Leclerc has lost at least 99 points this season and as many as 123, depending on where you think he would have finished in Azerbaijan, Canada and France.
But we also need to factor in the points that Verstappen gained in those races – inheriting the win in Spain, third in Monaco, and potentially benefiting in Azerbaijan and France as well (although as previously mentioned we cannot know that for sure).
That has given him somewhere between 10 and 31 points from Leclerc’s problems. And it puts the swing in the region of 109-154 points from the Emilia Romagna Grand Prix onwards – an astonishing tally in just nine races.
So, instead of Leclerc controlling the championship, it is Verstappen who has, by his own admission, “a great lead” that’s bigger than it should be in terms of car performance.
Ferrari sympathisers will point to these numbers and say they are exaggerated because nobody is perfect and everybody drops points in a season. Verstappen is no exception.
He has dropped 55 points himself, losing second-place finishes in Bahrain and Australia because of car failures and a win in Britain after hitting debris and only finishing seventh because of the car damage he sustained.
But even in the most unrealistic scenario, imagining a perfect season for both teams, it is still Ferrari that has thrown away the most points.
This graph shows how many points Verstappen could have this season, and the upper/lower Leclerc estimates from the previous chart too. It’s an imprecise science because it doesn’t factor in how each of those theoretical mistake-free seasons would reduce the points of the opposition driver.
But it’s a useful exercise to show that, even once you factor in Verstappen’s misfortune, Leclerc should either be ahead or right behind. Not 63 points adrift.
Instead, the incredible season F1 could be having is purely a hypothetical one, and Ferrari’s profligacy is to blame.
No wonder this is something Red Bull is revelling in, having started the season on the back foot and – unlike Ferrari – spent time and money until late last year developing its 2021 car.
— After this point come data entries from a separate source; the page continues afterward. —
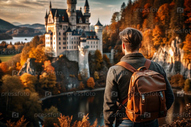 Мужчина-путешественник с рюкзаком на фоне огромного замка в осеннем лесу в горах. он путешествует и наслаждается жизнью и окружающей средой. туризм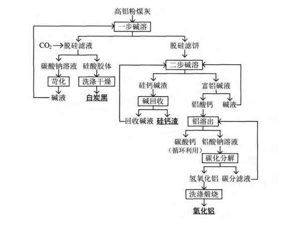 高鋁粉煤灰兩步堿溶法提取氧化鋁工藝流程圖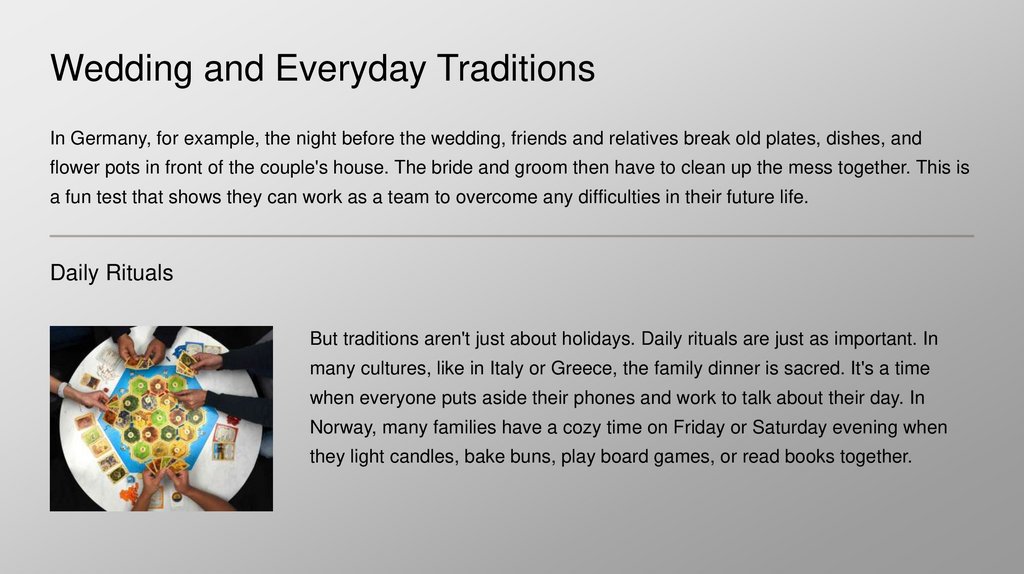 Wedding and Everyday TraditionsIn Germany, for example, the night before the wedding, friends and relatives break old plates, dishes, and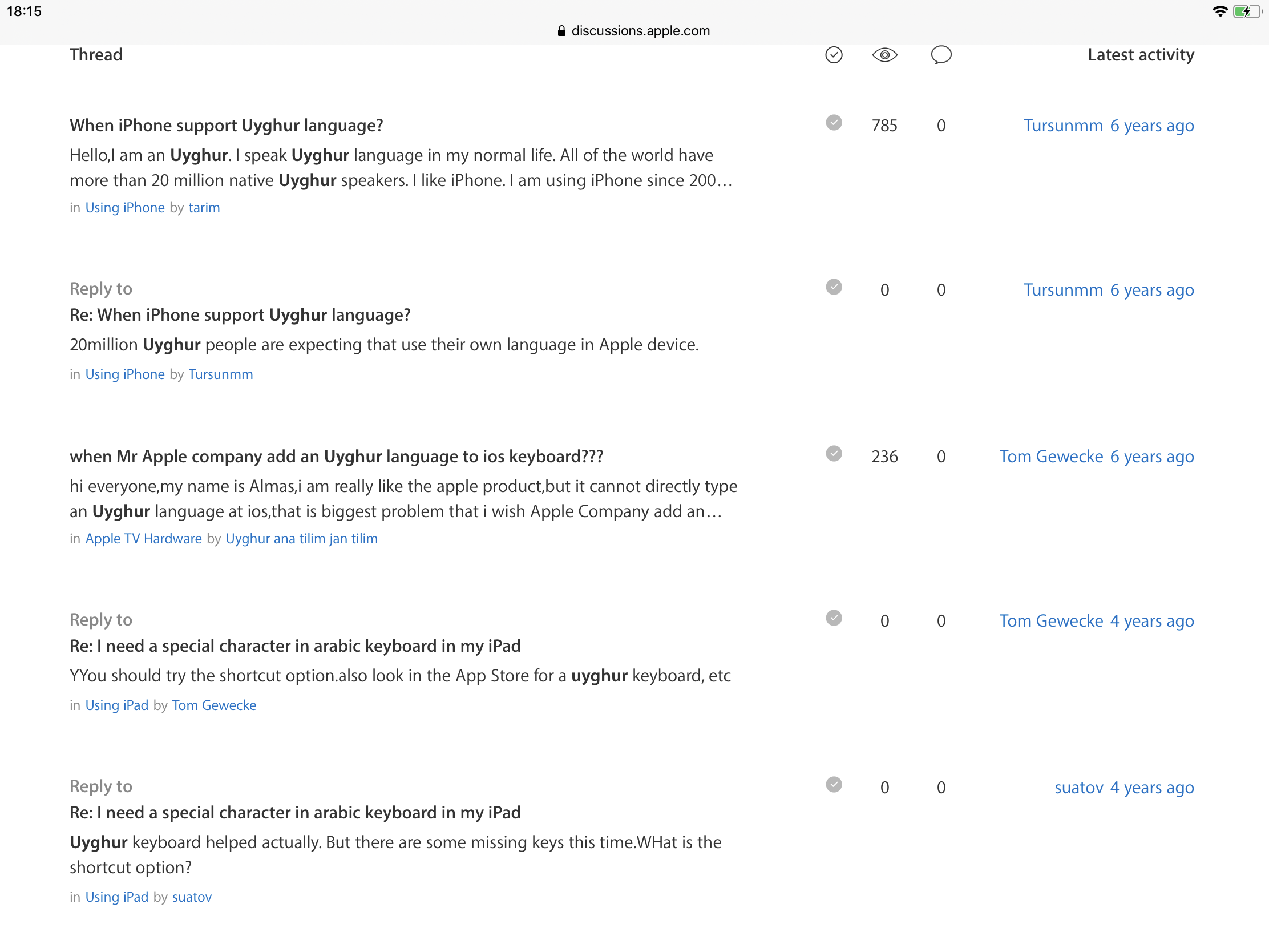 BELOW ARE THE MANY REQUESTS ABOUT UYGHUR LANGUAGE OF OTHER USERS IN MANY YEARS AGO :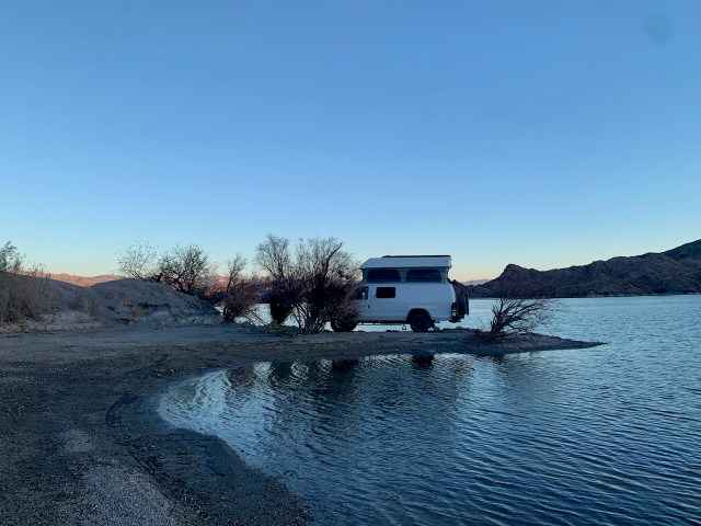 When we parked earlier that day, we were only about 3 feet from the waterline. Late that night we heard water lapping at the shore. It sounded real close. We peeked out the window and could see the water had risen up the shore about a foot. Now we understood why the ground under our camp was all wet. We thought we may have to move camp in the middle of the night. I checked online and read that Lake Mead increases water output each night. This raises Lake Mohave about 3-4 inches, which at our site was about 1-2 feet up the shoreline. The water then recedes in the morning.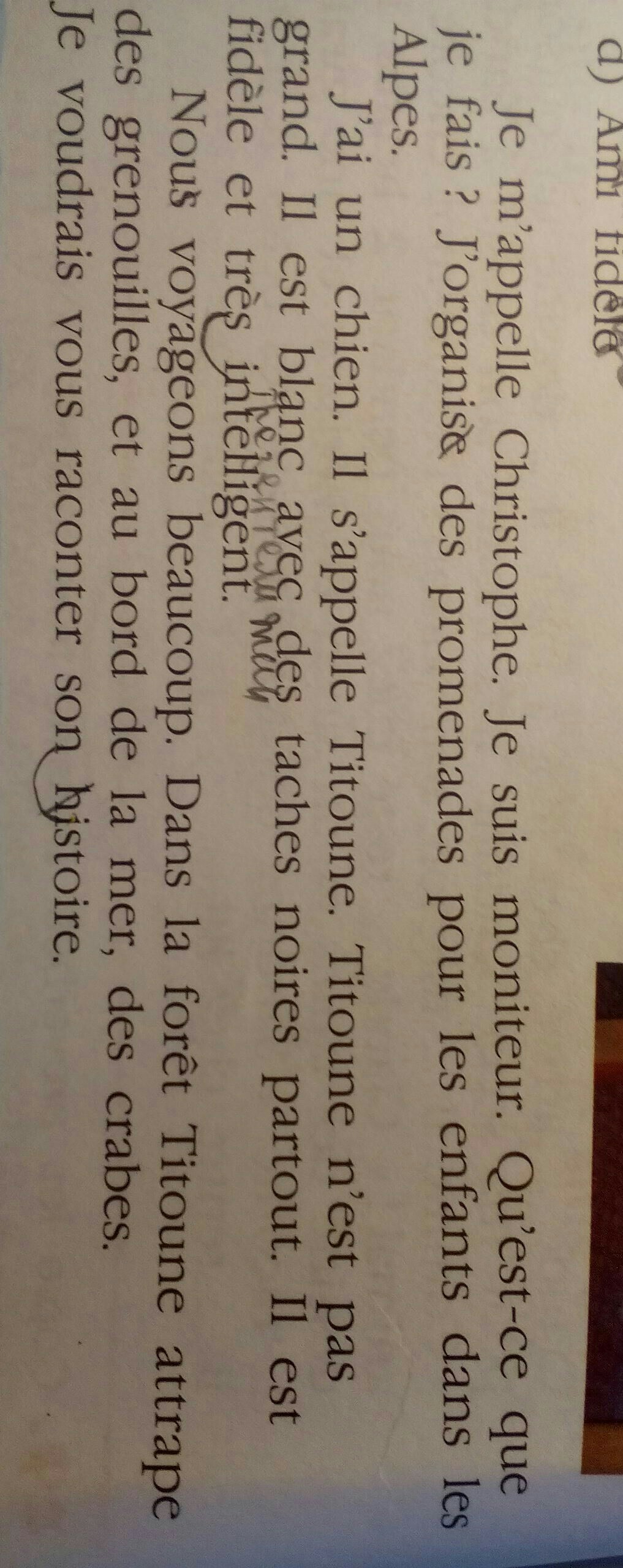 У меня есть собака. Его зовут Титун. Титун не высок. Он белый с чёрными пятнами повсюду. Он верен и очень умён.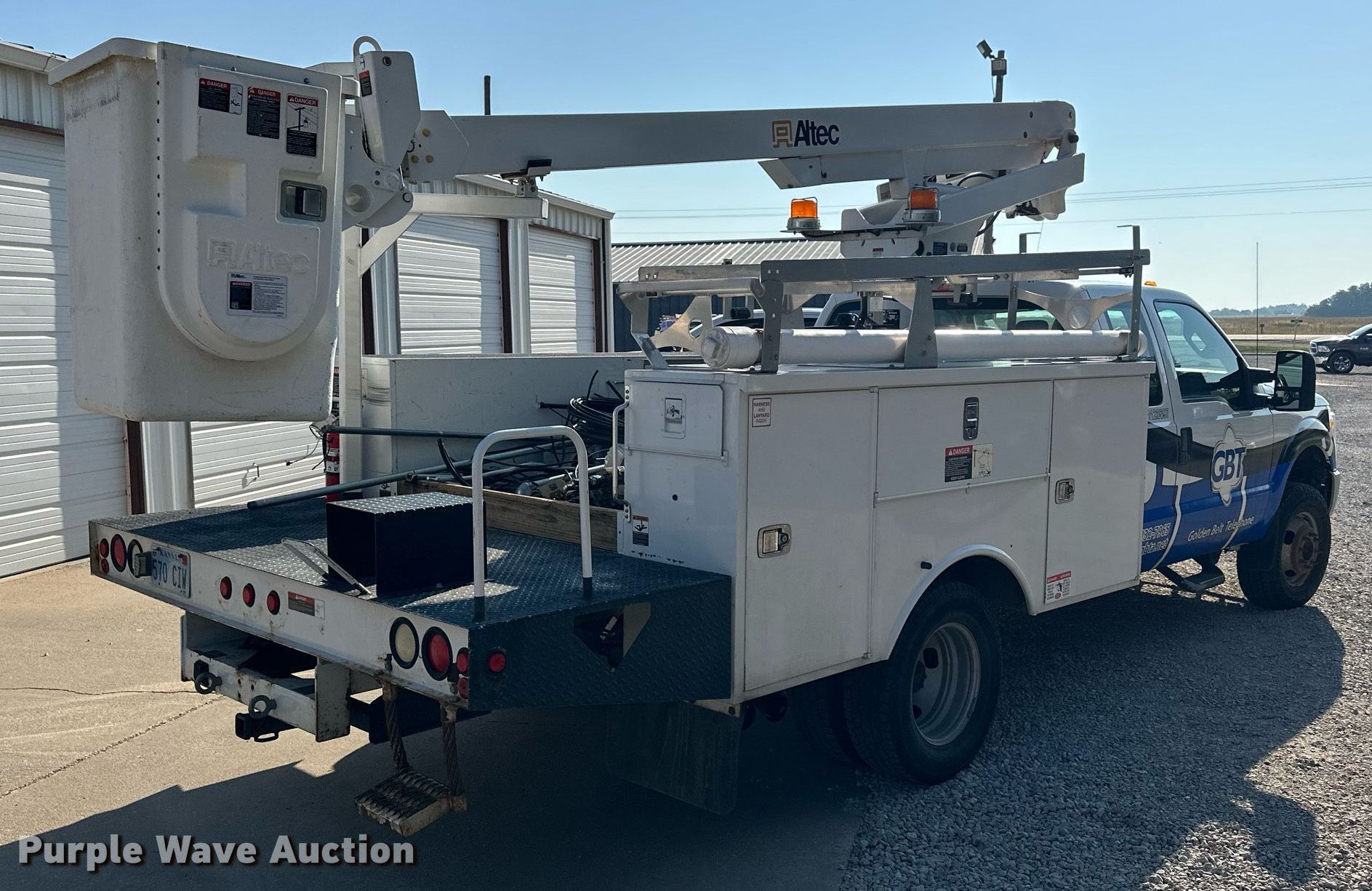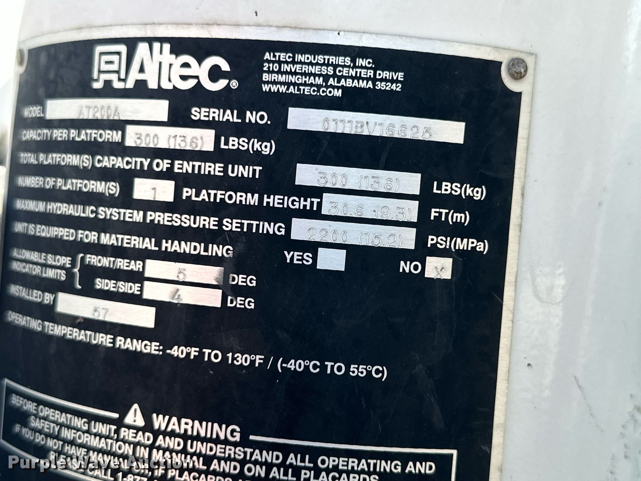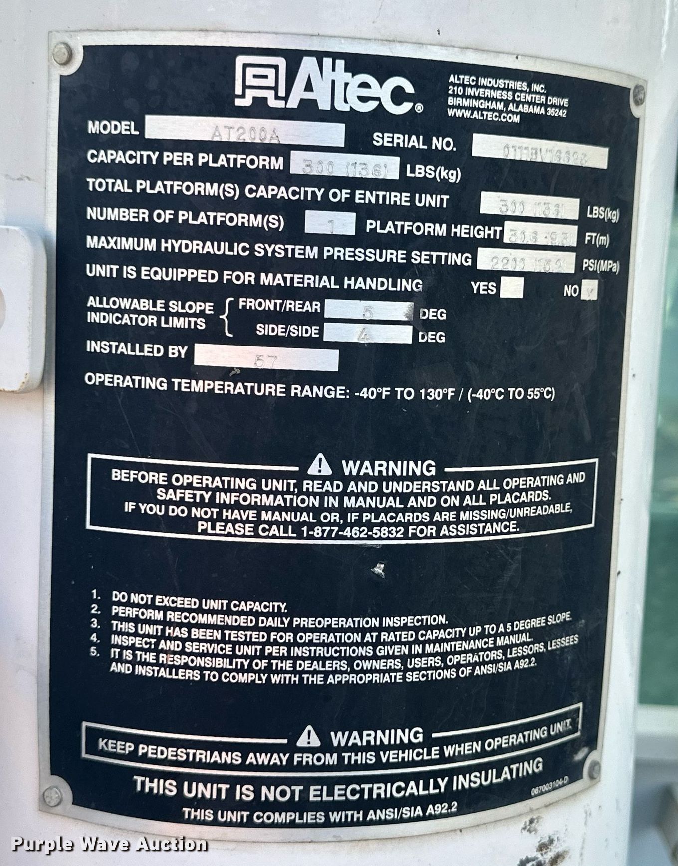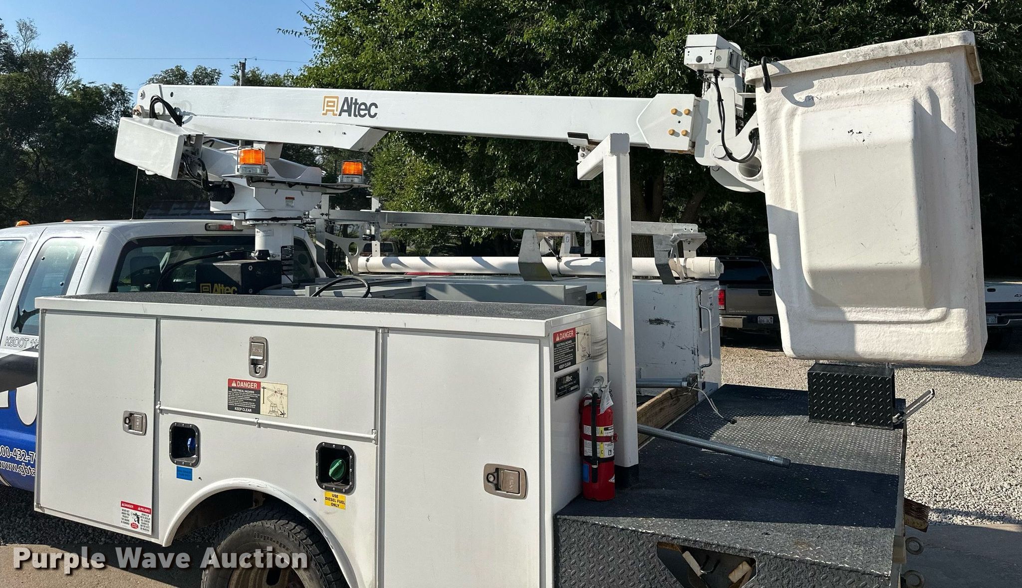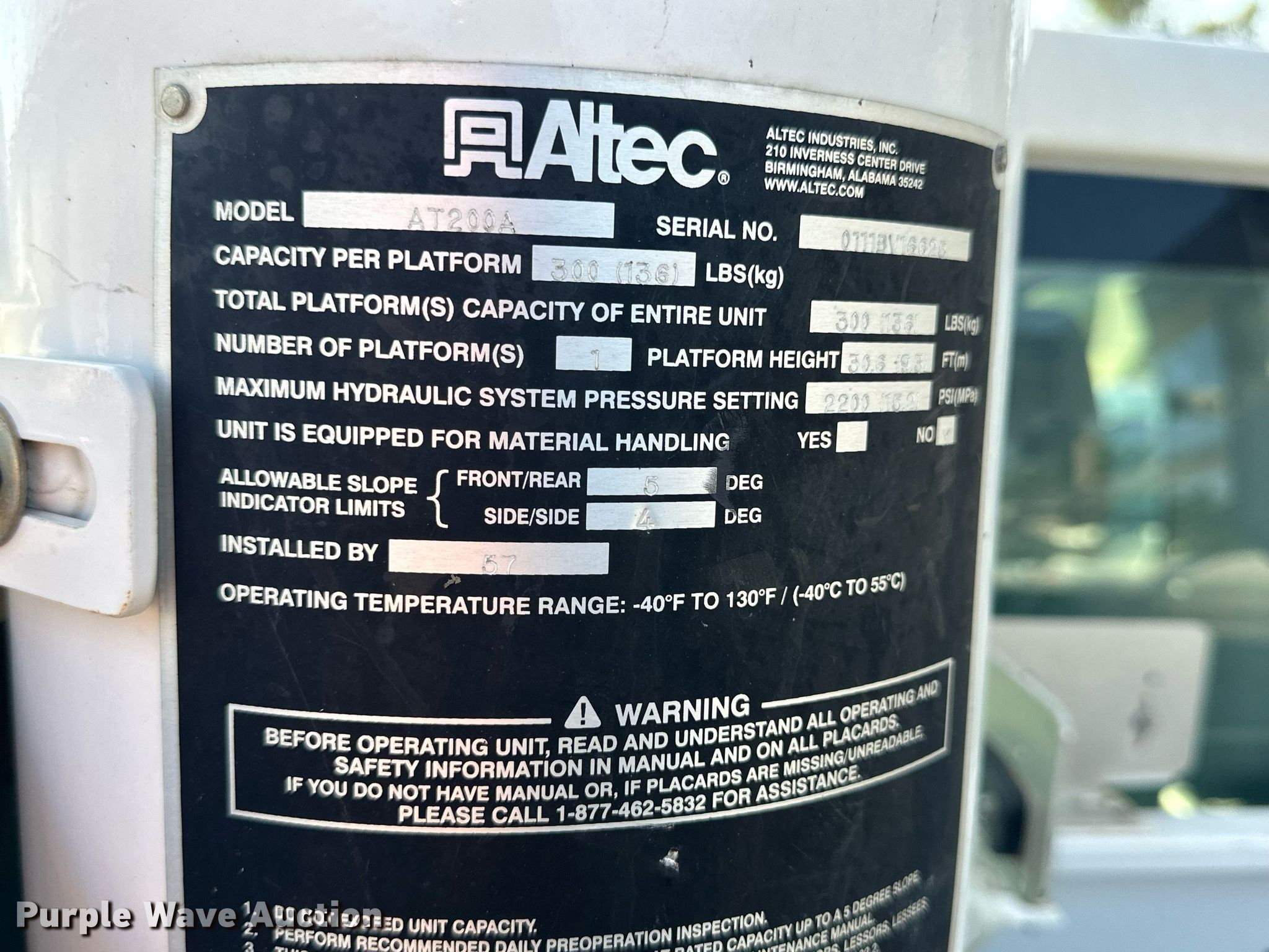 2011 Ford F350 Super Duty bucket truck. Miles: 222,383 on odometer, Miles or hours may vary, unit still in use, VIN: 1FD8X3HTXBEB76876. Engine Displacement: 6.7L V8 OHV, Cylinders: 8, Fuel type: Diesel, HP: 300. Transmission Automatic. Chassis Four wheel drive, Axles: Single, Suspension: Spring, Brakes: Hydraulic, PTO, GVWR: 13,300 lbs, Wheelbase: 162". Interior AC, Heat, Cruise control, Auxiliary controls. Features Bed Altec, Serial: 856-17709295, 12' L x 94" W, Boom Altec AT200A, Serial: 0111BV16625, Maximum lift capacity: 300 lbs, Maximum lift height: 30.6', Boom type: Telescopic, Man basket, Boom controls Ground, Platform/ basket.. Tires Size: 245/75R17. Notes Engine replaced at 179,087 miles, Contents not included, Decals have been removed. View repairs. Kansas title. Golden Belt Telephone Assn.. 103 Lincoln Street. Rush Center, KS 67575

Red Bull team boss Christian Horner said: “If you’d have told me going into Christmas last year that with the biggest regulation change in 40 years, with the effort that we’d put into last year’s championship that we’d be sitting here with eight grand prix victories, two sprint race victories and leading both championships by 64 and 82 points respectively, that would have been beyond my wildest expectations.
“Considering we were probably the last team to fully transition onto this car, it’s been a phenomenal job.”
Ferrari cannot say the same about its own season given just how wasteful it has become. Leclerc says he will believe in this title until the end and count the points then.
But he’s admitted, “right now it doesn’t look great”. And that’s an understatement.